ADD REPLY • link 6.0 years ago by bharata1803 ▴ 560

0

Entering edit mode

Please read more about Solid data conversion to fastq here. You probably lose information with the conversion to fastq.

ADD REPLY • link 6.0 years ago by Benn 8.3k

0

Entering edit mode

I am still confused. I have tried using bowtie to make colorspace index and align in colorspace, but it is still almost 0% reads that can be mapped to the reference. It is really weird.

ADD REPLY • link 6.0 years ago by bharata1803 ▴ 560

0

Entering edit mode

Can you show with head how your fastq file looks like? Is it really in color space?

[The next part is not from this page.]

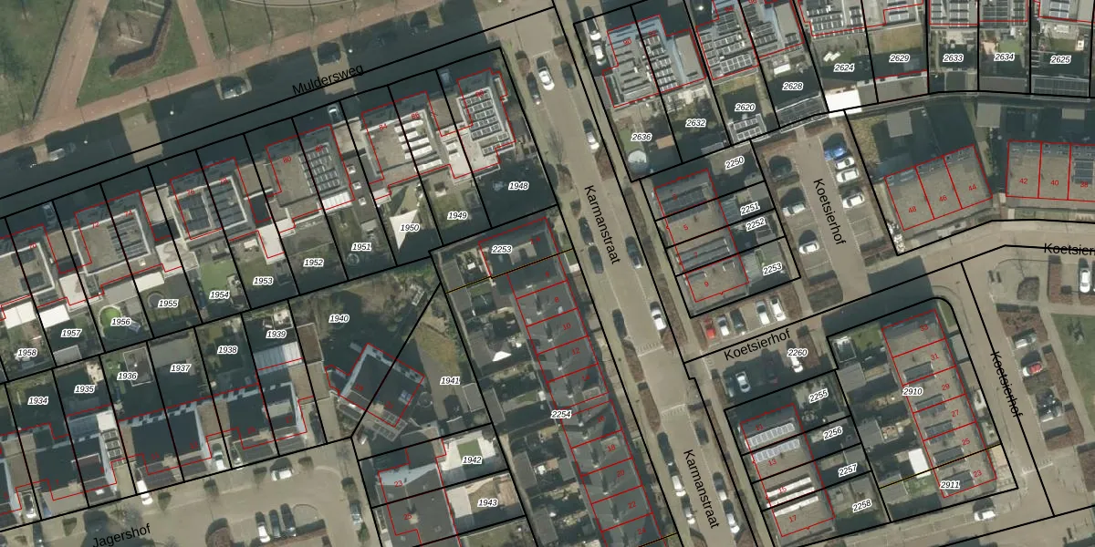 Het perceel waarop Karmanstraat 6 staat heeft een oppervlakte van 1382 m². Dit is een zeer groot perceel. De perceeloppervlakte wordt geregistreerd door het Kadaster. Gedetailleerde informatie over de maten van dit perceel kunt u vinden in het rapport Kadastrale kaart met maatvoering van Karmanstraat 6.

ADD REPLY • link 6.0 years ago by Benn 8.3k

0

Entering edit mode

It is in colorspace. I have checked it. I will post the head result later.

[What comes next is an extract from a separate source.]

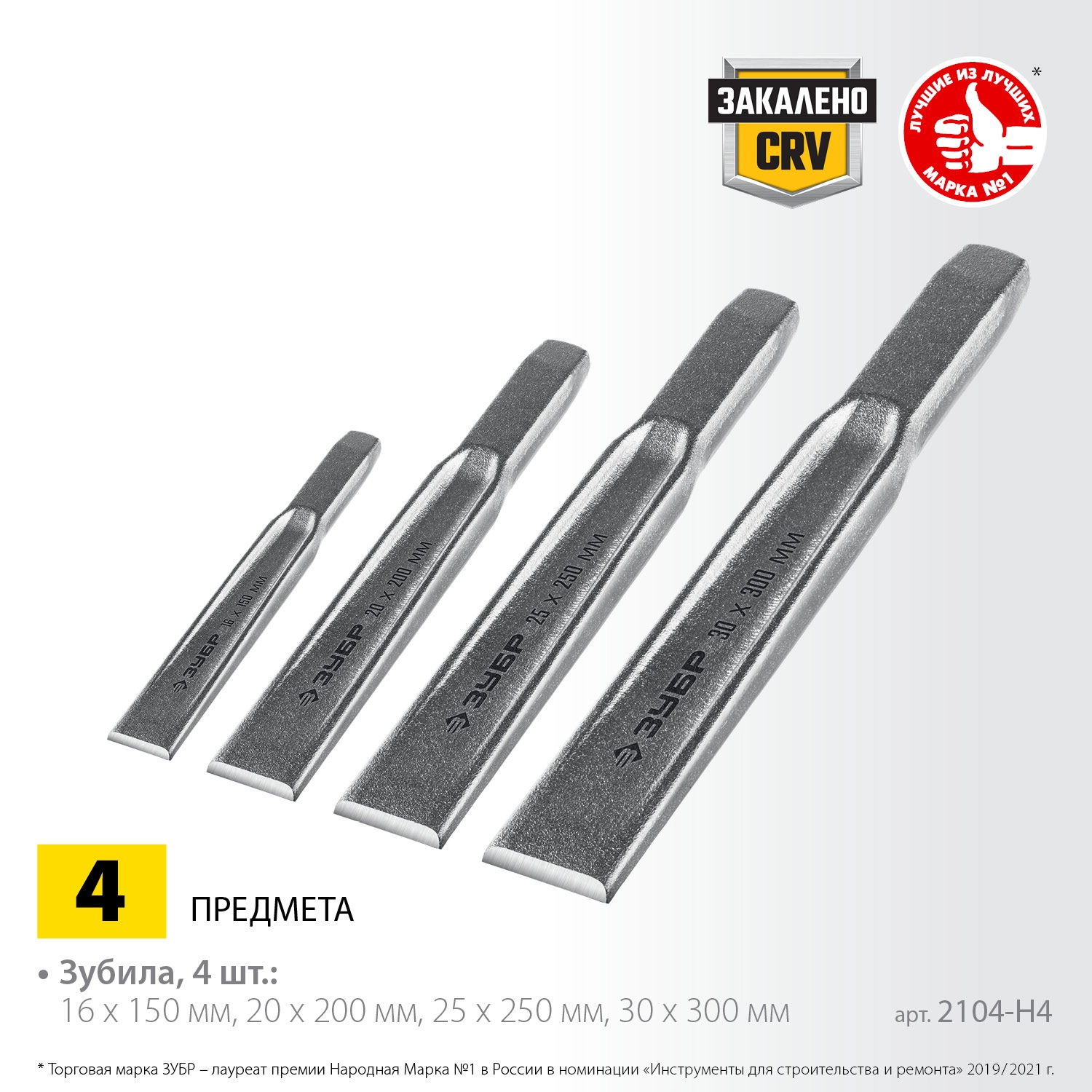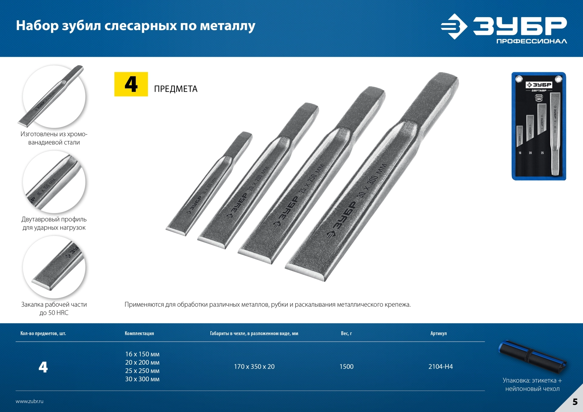 ПроизводителиНабор зубил слесарных по металлу, 4шт. "Двутавр" (2104-H4) ЗУБР

ADD REPLY • link 6.0 years ago by bharata1803 ▴ 560

0

Entering edit mode

Just to put aside anything related with SRA, you can directly download fastq files for your project here: https://www.ebi.ac.uk/ena/data/view/PRJNA389279][1]

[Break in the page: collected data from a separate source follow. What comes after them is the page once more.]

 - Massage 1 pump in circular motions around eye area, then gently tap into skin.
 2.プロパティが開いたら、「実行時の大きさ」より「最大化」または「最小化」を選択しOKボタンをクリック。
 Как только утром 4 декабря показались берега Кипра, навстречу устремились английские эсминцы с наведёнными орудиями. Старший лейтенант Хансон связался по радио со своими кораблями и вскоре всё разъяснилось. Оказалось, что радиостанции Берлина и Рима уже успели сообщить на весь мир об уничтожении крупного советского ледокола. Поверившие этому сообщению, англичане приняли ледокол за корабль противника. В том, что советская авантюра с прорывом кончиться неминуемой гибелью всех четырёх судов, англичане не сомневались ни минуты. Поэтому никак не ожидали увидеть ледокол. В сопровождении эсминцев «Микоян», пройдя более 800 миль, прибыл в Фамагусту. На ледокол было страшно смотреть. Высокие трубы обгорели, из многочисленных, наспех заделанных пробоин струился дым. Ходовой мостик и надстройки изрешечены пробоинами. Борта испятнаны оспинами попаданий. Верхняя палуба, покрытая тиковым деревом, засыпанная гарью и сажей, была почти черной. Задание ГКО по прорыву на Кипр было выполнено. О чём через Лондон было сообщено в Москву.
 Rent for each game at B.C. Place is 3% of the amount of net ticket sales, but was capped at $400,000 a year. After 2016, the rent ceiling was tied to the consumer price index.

I have looked at one file and indeed it looks like color-space:

@SRR5644749.11183773 11183773/2
T22033022222231202002113112222221030032031212322000
+
!33333333333.--------------------------------------
@SRR5644749.11183774 11183774/2
T0320120300100101212000302000232130232310..........
+
!=/////////....--------------------------**********
@SRR5644749.11183775 11183775/2
T001111001023332010010.............................
+
!@?8886666............*****************************

ADD REPLY • link 6.0 years ago by jomo018 ▴ 730

score 0 · Answer 1 · 2018-12-12

I think the problem is the data is really crappy, and Bowtie is discarding the reads because of too many errors at the seed region. I mapped the reads with Subread and got an average mapping rate of 65.9% for the same file (SRR5644749) you mapped. Even so, there were a lot of orphaned pairs:

//================================= Summary ==================================\\
||                                                                            ||
||     Total fragments : 20,826,355                                           ||
||              Mapped : 13,718,668 (65.9%)                                   ||
||     Uniquely mapped : 11,529,522                                           ||
||       Multi-mapping : 2,189,146                                            ||
||                                                                            ||
||            Unmapped : 7,107,687                                            ||
||                                                                            ||
||    Correctly paired : 6,067,553                                            ||
|| Not mapped in pairs : 7,651,115                                            ||
|| Only one end mapped : 7,109,909                                            ||
||   Multi-chromosomes : 265,002                                              ||
||   Different strands : 290,108                                              ||
||  Not in PE distance : 60,605                                               ||
||      Abnormal order : 33,402                                               ||
||                                                                            ||
||              Indels : 0                                                    ||
||                                                                            ||
||        Running time : 23.6 minutes                                         ||
||                                                                            ||
\\===================== http://subread.sourceforge.net/ ======================//

Subread was run with:

subread-buildindex -B -c -F -o genome genome.fasta
subread-align -b -t 0 -i genome --multiMapping -B 2 \
    -o SRR5644749.bam -r SRR5644749_1.fastq.gz -R SRR5644749_2.fastq.gz

Probably tweaking Subread settings should result in a higher mapping rate.

You can use FastQC on the bam file and use the -f bam_mapped flag to evaluate only mapped reads, this will produce a report ignoring unmapped read. The problem with unmapped reads is FastQC converts colorspace to basespace, but this conversion is unreliable without a reference. Mapped reads should be of good quality, and already corrected by the mapper.

P.S.: note that your bowtie mapping command is not outputting a sam file, you need to use the -S flag with Bowtie, because it has a custom default output. Initially, I didn't see the -S in your command.